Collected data
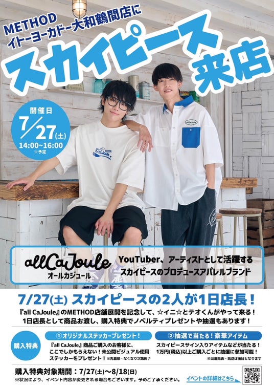 YouTuber兼アーティスト「スカイピース」が手掛けるアパレルブランド『all CaJoule(オールカジュール)』がYouTuberでは”日本初”の全国規模での常設店へアパレルブランドを展開。記念の第一弾として『METHOD イトーヨーカドー大和鶴間店』に来店。7月27日14:00~16:00(予定)に来店イベントを開催、テオくん と☆イニ☆(じん)の2人が1日店長として商品をお渡しします。
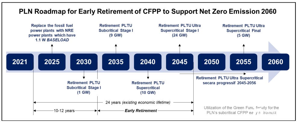 公開(kāi)信息顯示,能礦部與PLN目前已完成了提前退役的初步工作方案,其內(nèi)容與能礦部長(zhǎng)在COP 26會(huì)上的演講內(nèi)容基本一致(如下圖所示)[13]。
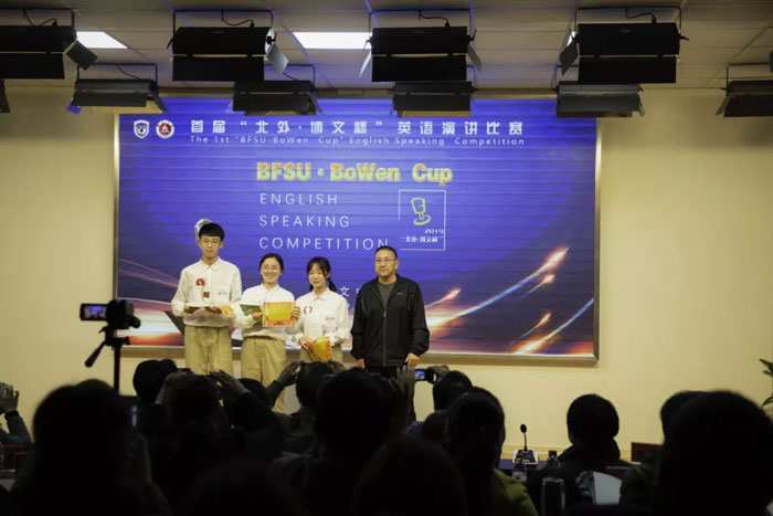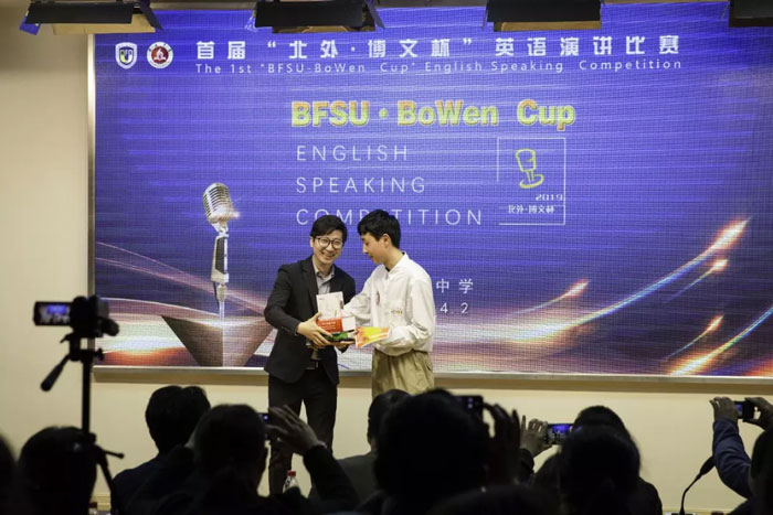 最后,北外张培主任发表讲话,他高度赞扬了博文中学与北京外国语大学的友好合作。并多次强调:博文中学是北外在全国唯一一所由北外委派专职教师授课的合作学校。他代表北外对博文学子们发出了真挚的祝福,祝愿博文“北外留学班”以及全体博文学子在未来的学习中取得更加骄人的成绩。
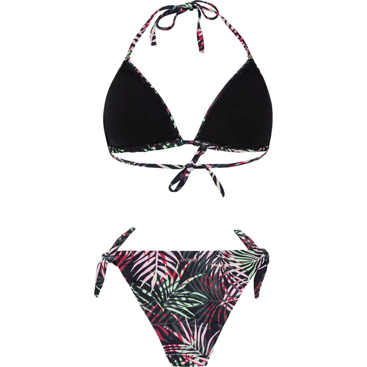 Произведите фурор этим летом с PRTISOLA от Protest. Этот великолепный комплект включает в себя великолепный треугольный топ бикини с индивидуальной поддерживающей посадкой благодаря застежке-бантику сзади и шее, а также съемным быстросохнущим чашкам. Подходящие обычные плавки бикини имеют красивые завязки по бокам из той же ткани. Цветочный принт удался. PRTISOLA также входит в нашу коллекцию PVRE Green; Наша инициатива по повышению экологичности наших коллекций. PRTISOLA изготовлен из переработанного материала, и в процессе производства не используются перфторуглероды.
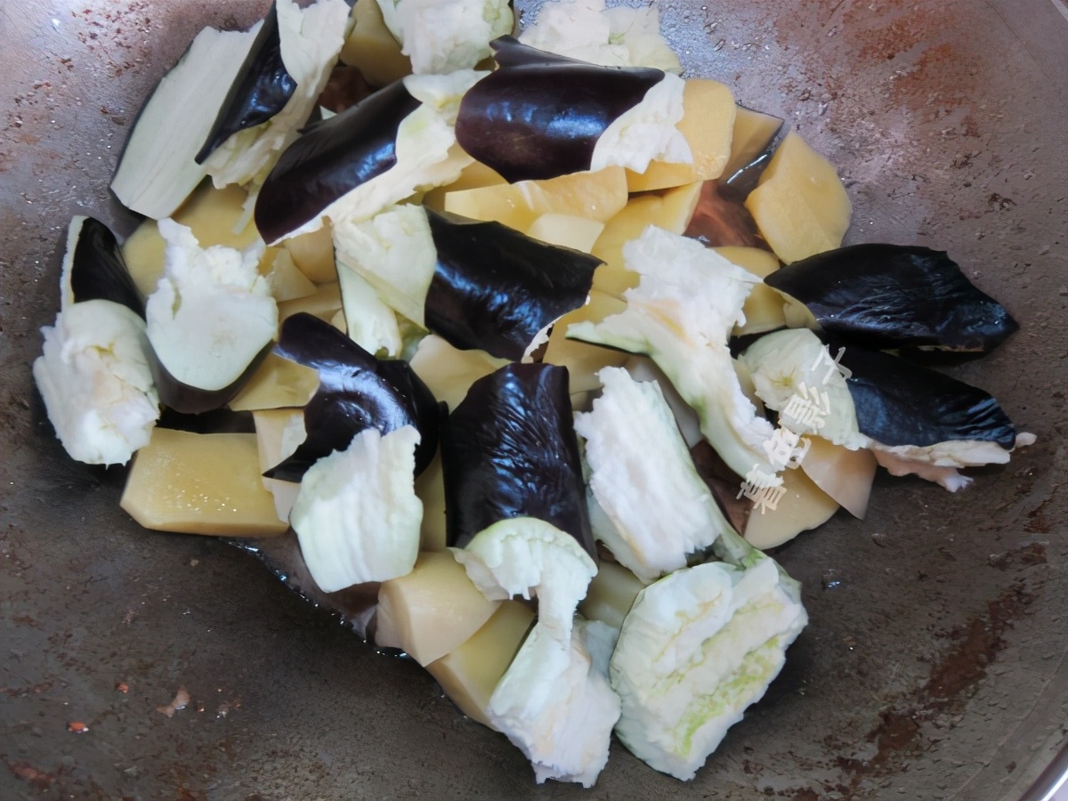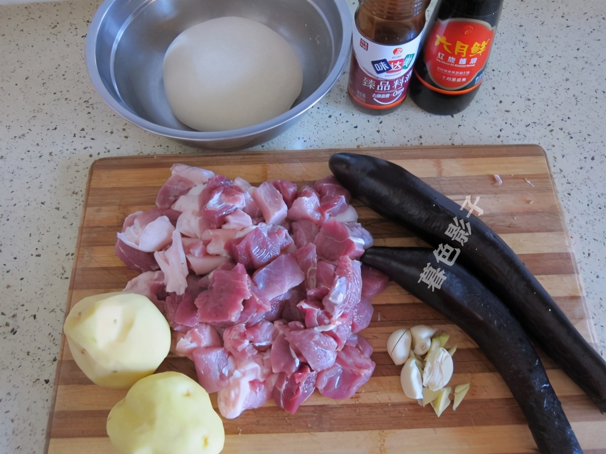 制作步骤;1,备好主要的做菜的食材,土豆和茄子,肉都需要洗干净然后切块,
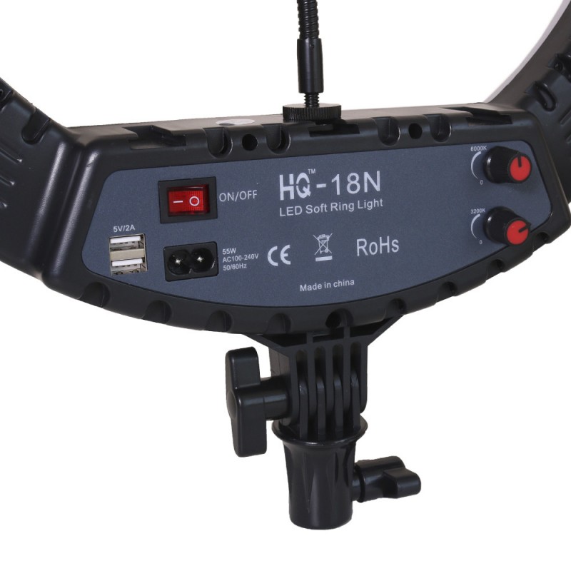 Кольцевая светодиодная лампа HQ-18 диаметром 45 см - это профессиональный инструмент с высоким индексом цветопередачи и высокой мощностью. Профессиональную осветительную лампу Вы можете использовать в качестве источника идеального освещения для селфи, макияжа, видео трансляций, съемок в помещении или на улице. Уникальное отличие люксовой LED лампы HQ-18 от аналогичных состоит в том, что она имеет 1 держатель для телефонов или других устройств. Попробуйте - и Вы уже не сможете отказаться от этого профессионального помощника в Вашей работе. Кольцевая люминесцентная лампа HQ-18 - портативный источник яркого света для фотографов, TikTok, видеографов, косметологов, визажистов, стилистов и моделей.

### [Exercise details]
Both ends included, copy word for word the lines from the top of the entries above through the line with "最后,北外张培主任发表讲话,他高度赞扬了". No pictures.

### [Expected answer]
 YouTuber兼アーティスト「スカイピース」が手掛けるアパレルブランド『all CaJoule(オールカジュール)』がYouTuberでは”日本初”の全国規模での常設店へアパレルブランドを展開。記念の第一弾として『METHOD イトーヨーカドー大和鶴間店』に来店。7月27日14:00~16:00(予定)に来店イベントを開催、テオくん と☆イニ☆(じん)の2人が1日店長として商品をお渡しします。
 公開(kāi)信息顯示,能礦部與PLN目前已完成了提前退役的初步工作方案,其內(nèi)容與能礦部長(zhǎng)在COP 26會(huì)上的演講內(nèi)容基本一致(如下圖所示)[13]。
 最后,北外张培主任发表讲话,他高度赞扬了博文中学与北京外国语大学的友好合作。并多次强调:博文中学是北外在全国唯一一所由北外委派专职教师授课的合作学校。他代表北外对博文学子们发出了真挚的祝福,祝愿博文“北外留学班”以及全体博文学子在未来的学习中取得更加骄人的成绩。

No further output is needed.